De acordo com Chartier, a atenção deve centrar-se na reavaliação crítica das
distinções tidas como evidentes e que torna-se o ponto a ser questionado. É importante
identificar a maneira como as práticas e as representações se cruzam nas produções e se
transformam em diferentes formas culturais. Questionar a divisão tradicional que opõe
letrado e popular, nos leva a pensar na oposição entre criação e consumo, produção e
recepção. Restituir a historicidade exige que o “consumo” cultural e intelectual seja
tomado como uma produção, que não fabrica um objeto, mas constitui representações
que nunca são idênticas às do produtor ou artista.
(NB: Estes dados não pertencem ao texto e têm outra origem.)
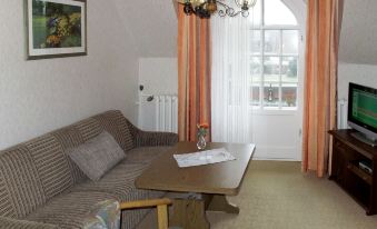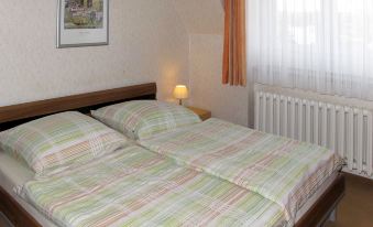 Historical apartment house "Am Park", from the 18th century. 200 m from the centre of Raben Steinfeld, on the outskirts, 5 km from the centre of Pinnow, 10 km from the centre of Schwerin, 250 m from the lake. For shared use: property 2'500 m2 with lawn and trees. In the house: storage room for bicycles. Parking on the premises. Supermarket 2 km, restaurant 400 m, bus stop "Raben Steinfeld Oberdorf" 400 m, sandy beach "Schweriner See" 4 km, grass beach "Pinnower See" 5 km. Please note: the owner lives in the same residence. Natural bathing area at Lake Schwerin 250 m. E-bikes can be charged in the garage. "Am Park", 2-room apartment 37 m2 on 1st floor, south facing position. Practical furnishings: living room with satellite TV and radio. Exit to the balcony. 1 double bedroom with dining table and kitchen corner. Small, open kitchen (2 hot plates, toaster, kettle, microwave, electric coffee machine). Shower/WC. Oil heating. Carpet. Small balcony, south facing position. Balcony furniture. Facilities: Internet (WiFi, free). Please note: non-smokers only. Smoke alarm.

Para o autor, é preciso pensar em como todas as relações, incluindo as que
designamos por relações econômicas ou sociais, se organizam de acordo com a lógica
que põem em ato os esquemas de percepção e de apreciação dos diferentes sujeitos
sociais, o que traria para a hora do dia as representações que podem ser denominadas
como “cultura”, seja esta comum ao conjunto de uma sociedade ou própria de um
determinado grupo. É necessário a busca pela articulação entre a “estrutura cultural” e a
“estrutura social”, o que resultaria na elucidação de um padrão transmitido
historicamente, de significados corporizados em símbolos por meio das quais os
homens comunicam, perpetuam e desenvolvem o seu conhecimento e atitudes perante a
vida.
A história deve buscar outras maneiras de estabelecer contato com a vida dos
homens e mulheres esquecidos pelo tempo, o que diria muito a respeito dos princípios
fundamentais da condição humana. Por isso, ao invés de confiar na instituição e na
tentativa de invocar qualquer vago clima de opinião, seria o caso de tomar outra
disciplina sólida e utilizá-la para relacionar a experiência mental com as realidades
sociais e econômicas. A Antropologia, a Sociologia e a Literatura fornecem ferramentas
fundamentais. Como enfatiza Darnton, não há defesa de projeto de pesquisa que anule
os limites entre a história e as outras formas de enxergar o mundo. A tarefa do
historiador é fazer justiça aos mortos de maneira que isso venha como um choque para
os desavisados que insistem em proteger as fronteiras historiográficas.

REFERÊNCIAS BIBLIOGRÁFICAS
BRIGGS, Asa; BURKE, Peter. Uma História social da mídia. Rio de Janeiro: Jorge
Zahar, 2004.
CHARTIER, Roger. A História Cultural: entre práticas e representações. Lisboa: Difel,
1988.
CAPELATO, Maria Helena. Multidões em cena: propaganda política no varguismo e
peronismo. Campinas/ SP: Papirus / Fapesp, 1998.
DARNTON, Robert. O beijo de Lamourette. Trad.: Denise Bottmann. São Paulo:
Companhia das Letras, 1990.
JEANNENEY, Jean-Nöel “ A mídia”. In: REMOND, R. (org.) Por uma história
política. Rio de Janeiro: FGV/UFRJ, 1996.